TRY IT. Return only the lines below starting at the line containing "843 Kız Çocuk" and ending at the line containing "Red Basket Style", both included, exactly as they are and with no pictures.

MATERIALS PROVIDED.
***
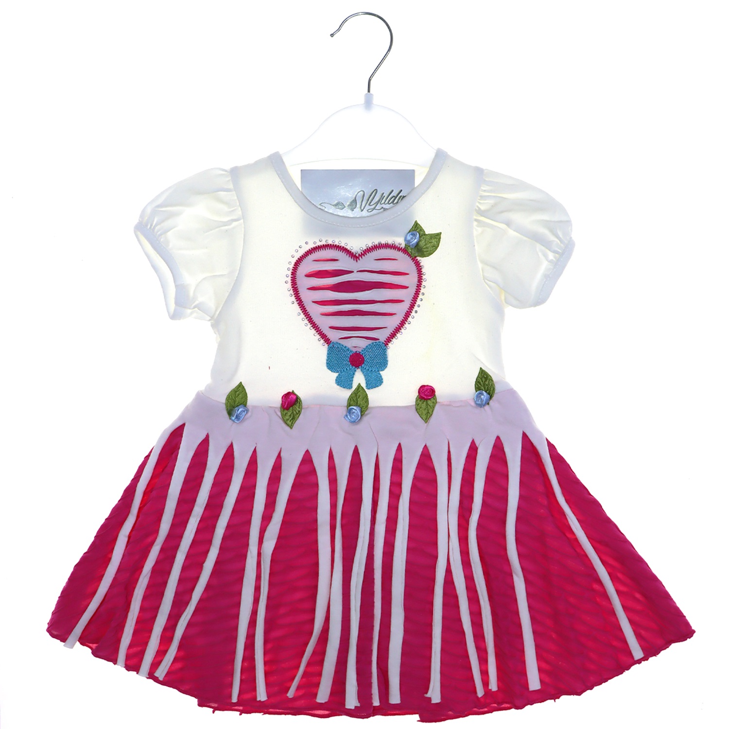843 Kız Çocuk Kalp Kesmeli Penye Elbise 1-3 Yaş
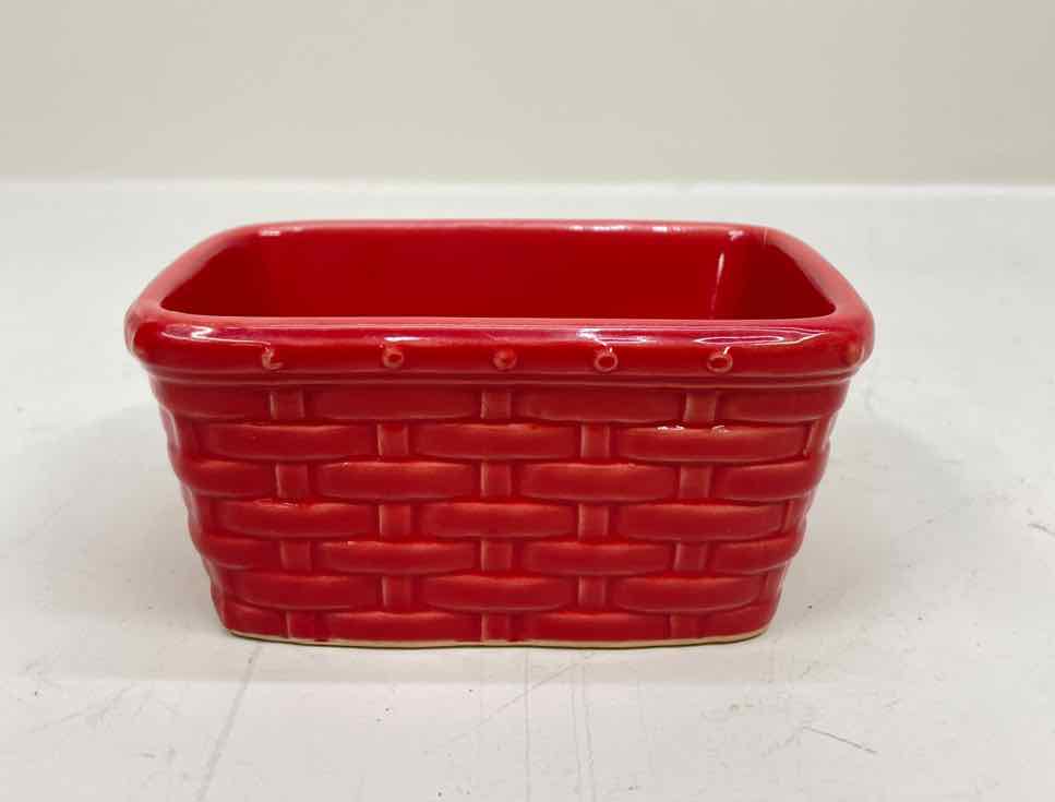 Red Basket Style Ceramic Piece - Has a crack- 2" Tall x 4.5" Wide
***
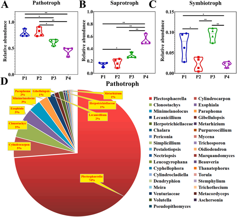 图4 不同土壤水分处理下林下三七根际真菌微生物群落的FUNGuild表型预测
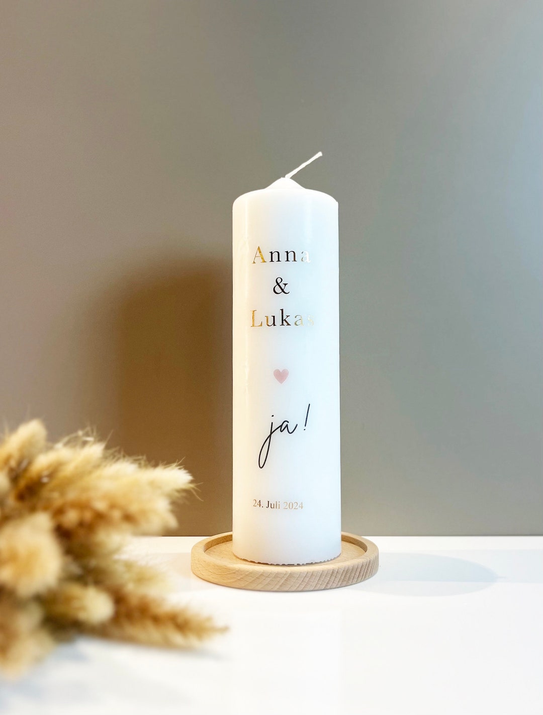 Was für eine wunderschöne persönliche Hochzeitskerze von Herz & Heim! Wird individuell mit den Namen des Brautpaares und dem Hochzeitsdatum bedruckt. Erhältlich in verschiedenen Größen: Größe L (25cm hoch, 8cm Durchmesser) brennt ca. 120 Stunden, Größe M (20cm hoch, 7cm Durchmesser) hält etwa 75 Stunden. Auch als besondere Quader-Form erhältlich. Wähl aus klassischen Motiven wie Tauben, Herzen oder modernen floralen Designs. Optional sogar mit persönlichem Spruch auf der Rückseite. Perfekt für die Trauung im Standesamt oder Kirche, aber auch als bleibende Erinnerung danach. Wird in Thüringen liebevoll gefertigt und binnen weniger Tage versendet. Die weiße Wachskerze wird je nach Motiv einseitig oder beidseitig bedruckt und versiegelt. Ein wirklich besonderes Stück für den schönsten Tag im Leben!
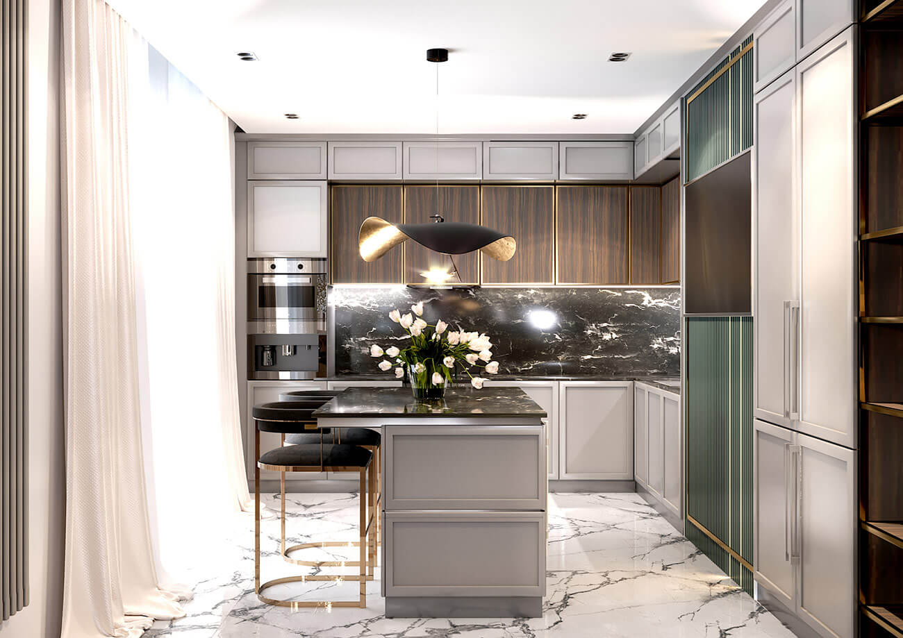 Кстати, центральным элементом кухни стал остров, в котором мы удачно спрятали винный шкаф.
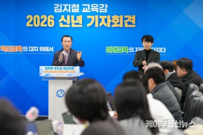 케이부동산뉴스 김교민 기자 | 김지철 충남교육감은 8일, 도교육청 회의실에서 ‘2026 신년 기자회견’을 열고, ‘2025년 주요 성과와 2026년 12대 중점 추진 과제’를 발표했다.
***
EXERCISE SOLUTION.
843 Kız Çocuk Kalp Kesmeli Penye Elbise 1-3 Yaş
 Red Basket Style Ceramic Piece - Has a crack- 2" Tall x 4.5" Wide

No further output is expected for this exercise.